Classical preparation finishes quickly for most ranks: Blocked = 800.
A smaller group is still active on the HPC side (Working = 200), while outbound transfer remains active and the QPU is still idle.
This snapshot corresponds to a transfer sub-phase where many ranks have completed off-load and are waiting, while a minority is still finishing classical preparation.
Frame 3 — Full stall before arrival (1000 blocked, QPU idle)¶

All ranks are blocked (Blocked = 1000), and none are working or idle.
Transfer is still active, but the QPU remains idle (Queue = 0, Run = 0).
This is the core latency-wall moment: the entire HPC allocation is waiting while quantum hardware is not yet engaged.
Frame 4 — First execution starts, but it’s still transfer-dominated (1000 blocked, QPU Run = 1)¶

A job finally arrives and begins executing (Run = 1), with no queue buildup (Queue = 0).
The HPC remains fully blocked (Blocked = 1000), and outbound transfer is still active.
Quantum execution begins, but it does not relieve the stall because transfer and return latency still dominate the iteration.
Frame 5 — One rank resumes while others remain blocked (1 working / 999 blocked)¶

One quantum result has returned and a single rank resumes classical work (Working = 1), while the remaining ranks are still waiting (Blocked = 999).
Transfer remains active, and the QPU is currently idle (Queue = 0, Run = 0), consistent with a snapshot where return/next-transfer latency is dominating and execution is intermittent.

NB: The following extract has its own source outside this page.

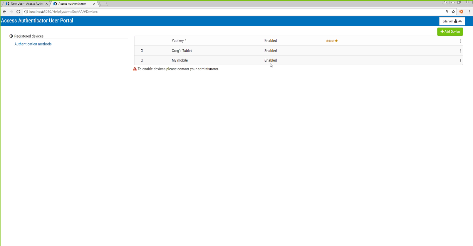 - Disable. Choose this option to prevent the device from being used to authenticate. You might choose this option if, for example, the device has been lost. Once a device has been disabled, it cannot be re-enabled by the user. It can only be re-enabled by the administrator. A disabled device also cannot be deleted and re-registered. Because of this, a lost or stolen device, once disabled, cannot be used to authenticate.

This illustrates the characteristic pattern of Scenario C: results trickle back slowly, unblocking ranks one-by-one (or in small numbers), while transfer continues to govern throughput.
Why HPC parallelism does not help¶
In this regime:
One rank behaves almost identically to one thousand
Classical work completes faster than results can return
Additional submitters only increase the number of blocked ranks
Without batching, co-location, or latency hiding, parallelism amplifies waiting rather than throughput.

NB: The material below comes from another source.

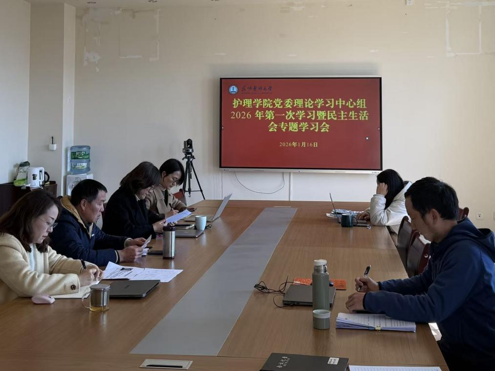 1月16日,昆明医科大学护理学院党委理论学习中心组2026年第一次集中学习暨民主生活会专题学习会在明德楼502会议室召开,学院党委副书记、院长卢玉林主持会议,传达学习有关内容并作总结讲话。
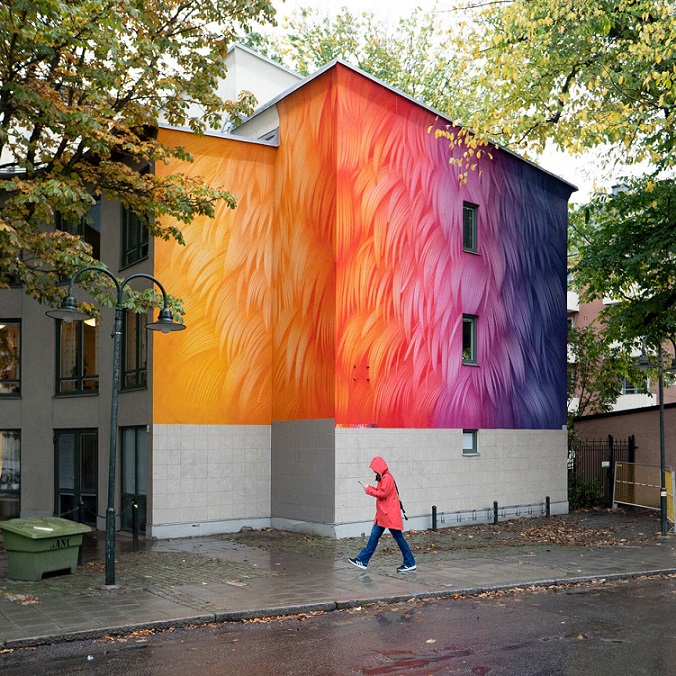 建物の外壁に色彩豊かに描く巨大な鳥の羽の壁画 / Adele Renault

Where and why this scenario appears¶
Scenario C commonly appears in workloads listed in the table, including:
Monte Carlo–style hybrid loops, where frequent state exchanges dominate runtime
Genomics and multi-omics pipelines, where large intermediate representations must be transferred between classical and quantum stages
PDE or state-exchange workflows, where repeated data movement outweighs quantum execution time
Fine-grained hybrid algorithms with frequent remote quantum calls
In all cases, the defining feature is that transfer cost dominates quantum compute, regardless of whether that cost is driven by latency, bandwidth, or both.
Takeaway¶
Scenario C demonstrates that data movement alone can stall a hybrid system, even when both classical and quantum execution are individually fast.
In transfer-dominated regimes, HPC resources provide little benefit unless communication costs are reduced, hidden, or amortized.